Июнь 1971 г.
Мужчина сошел с автобуса, убрал прилипшие волосы со лба и с завистью посмотрел на толпы галдящих туристов. Как многое бы он отдал, чтобы оказаться на их месте!
Но он не мог. Его непорочная мечта не имела ничего общего с величественными шедеврами мировой культуры, она не была связана и с архитектурной роскошью, манившей в эти края туристов со всего света. Нет, его занимало нечто другое – нечто, что не давало ему спать по ночам уже больше десяти лет.
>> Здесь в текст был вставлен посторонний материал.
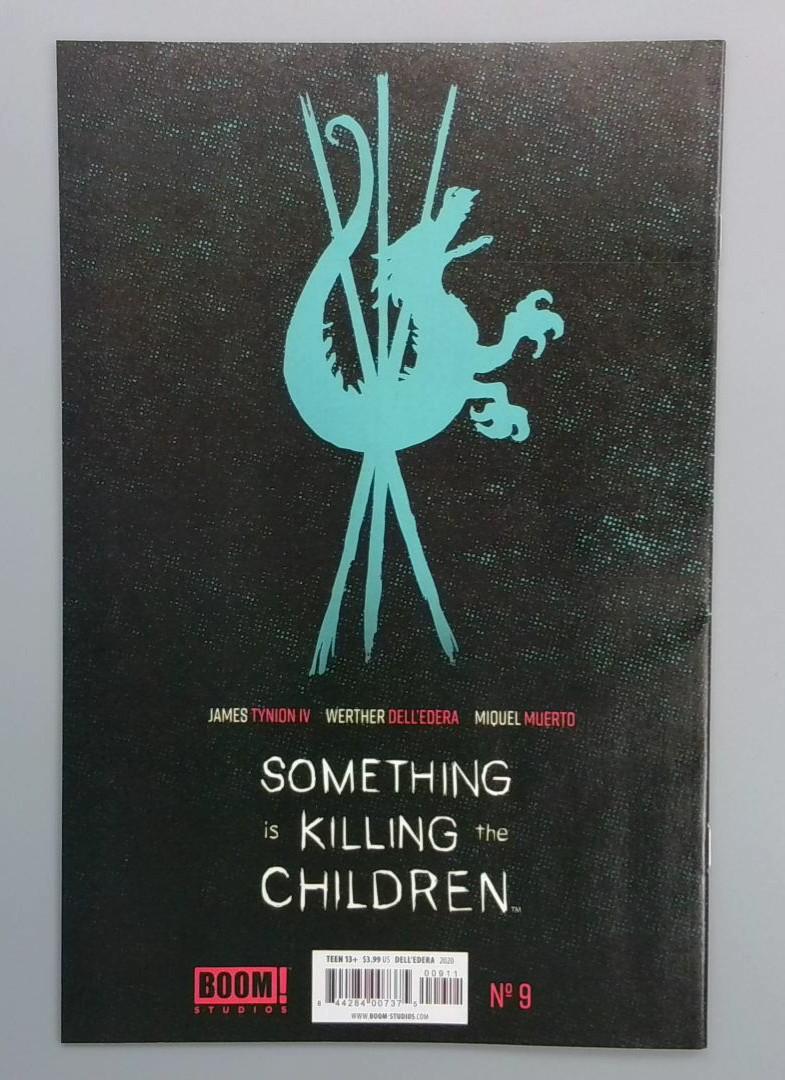 Something is Killing the Children #9 continues the dark and mysterious horror series from BOOM! Studios, following the monster-hunting protagonist as she confronts a terrifying threat targeting children. The issue, created by James Tynion IV, Werther Dell'Edera, and Miquel Muerto, delves deeper into the supernatural dangers lurking in a small town. The haunting artwork and intense storytelling explore themes of childhood trauma and supernatural menace, with a particularly unsettling cover depicting a patient in a hospital bed threatened by a monstrous presence.
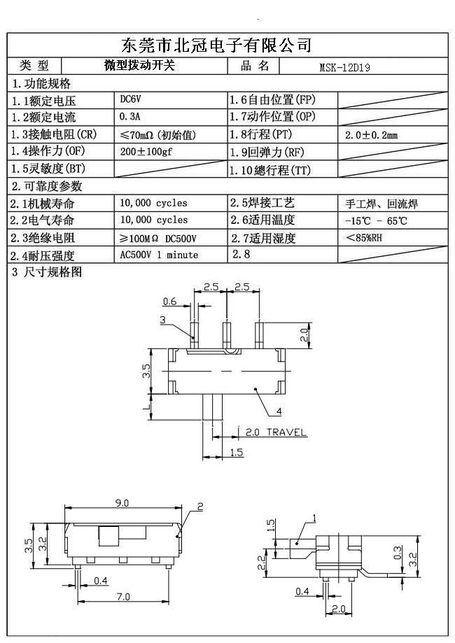 Typical Specifications 1. Rating : DC 12V 50mA 2. Contact Resistance :≤50mΩ 3.Lnsulation Resistance: DC500V 1Minute 4.Operating Temperature Range: -25℃+80℃ 5.Ambient Humidity Used: ≤85%RH 6. Operating Force : 200gf 7. Operating Life : 10,000Cycles
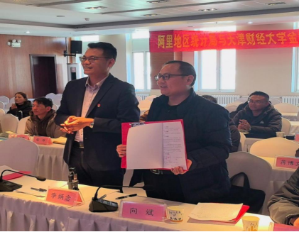 在双方相关领导见证下,金融学院、统计学院与阿里地区统计局签署战略合作框架协议。未来双方将充分发挥各自优势,围绕金融和统计人才培养、联合科研、实习实践基地建设等方面展开全方位深度合作,助力我校学科发展和阿里地区经济社会高质量发展。
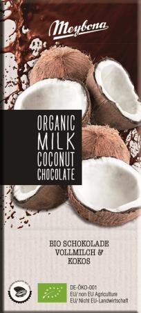 BIO mléčná čokoláda s kokosovými vločkami.

Мужчина терпеливо остался стоять на остановке: он ждал этого дня так долго, что теперь ему не верилось, что это происходит на самом деле, что он и правда стоит здесь, на этой далекой высушенной земле, так отличающейся от той, где он родился, вырос и провел лучшие годы своей молодости.
Подъехал старый, весь в ржавчине автобус, и мужчина сел на самое дальнее сидение, опустив плечи и закрыв глаза. На вид ему было далеко за шестьдесят – худой старик с мертвенно-белой кожей и седыми проблесками волос; на деле же в этом году мужчине исполнилось всего лишь сорок восемь лет.
Когда автобус, пыхтя и грохоча, резко ушел вправо, оставив позади себя веселый гогот толпы, у мужчины засосало под ложечкой: он уже не был уверен, что ехать за мили в чужую страну было правильным решением. Не зная что делать со вспотевшими ладонями, он конвульсивно сжимал их, пока автобус мчал его по безлюдной пустоши, с каждой выбоиной и ямой приближая мужчину к цели. Он сжимал и разжимал пальцы своих рук, впиваясь пожелтевшими от тысяч выкуренных сигарет ногтями в бороздки кожи, и тогда, когда они проехали мимо оцепленного колючей проволокой здания и водитель во весь голос рявкнул: «ПРИЕХАЛИ!»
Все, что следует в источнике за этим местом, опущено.